Action Items: What Google, Facebook, and Others Should Be Doing RIGHT NOW About Fake News

Today is action items day, and there isn’t a moment to lose before someone gets killed as a result of the fake news scourge. It nearly happened a couple of days ago, when some wacko invaded a pizza restaurant and shot it up looking for the youthful “sex slaves” that the fake “Pizzagate” story claims exist (a total fabrication created out of whole cloth and part of the complex of fake anti-Hillary sex stories even being promoted by highly-placed wackos in Trump’s White House circle). In fact, there are already new fake stories circulating regarding the shooting itself.

There are some ongoing efforts to begin dealing with fake and false news at the big firms. Facebook appears to be running an experiment asking some users to rate how “misleading” some link titles might be. This will no doubt collect some interesting data and may be a small portion of solutions, but of course cannot alone solve the underlying problems.

Having spent enough time inside Google to have some sense of how the world looks at Google Scale (i.e. “Big” with a Capital “B”), I am convinced that efforts to deal with the Fake/False News problem must primarily be based on algorithmic, automated systems. Humans will also still have important roles to play in this process in terms of tagging, flagging, and verification at least — especially for items that are suspected or verified fakes but are still trending upward very rapidly.
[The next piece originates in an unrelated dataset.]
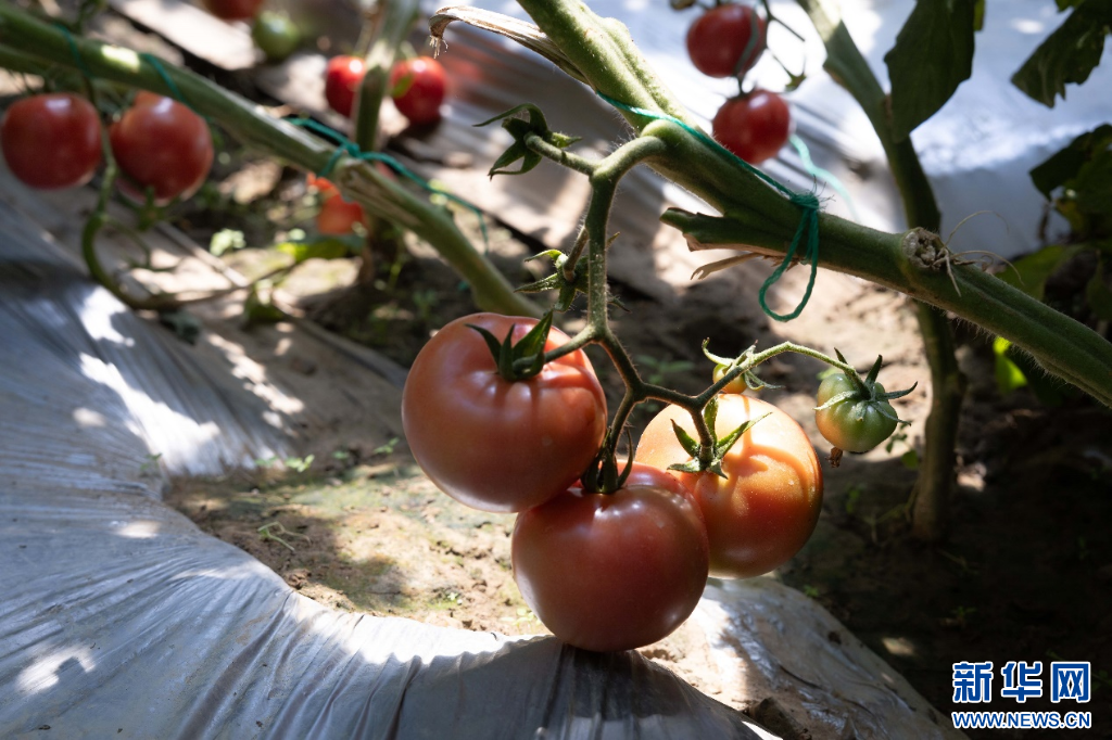 圖為曲水縣才納園區(qū)水果采摘區(qū)內成熟的番茄(8月20日攝)。 新華網(wǎng)發(fā) 李騰 攝

So, Action Item #1: We should be looking at automated systems for doing the bulk of the first level work to detect fakes, or else we’ll be swamped from the word go.

And I believe that the foundational resources to get this done do exist. Google and Facebook (just to name two obvious examples) have powerful AI architectures that could be leveraged toward such tasks, given the will to do so.

Action Item #2: We must understand the true dynamics of how fake and false news are shared — how they rapidly reach large numbers of users and push high into search results. It’s popular to simply assert that everyone believing/sharing these fake stories are just evil or stupid (or both).

That’s way too simplistic an assertion. Even over the very short time that my fake news data collection effort has been active, obvious patterns in the data are already emerging.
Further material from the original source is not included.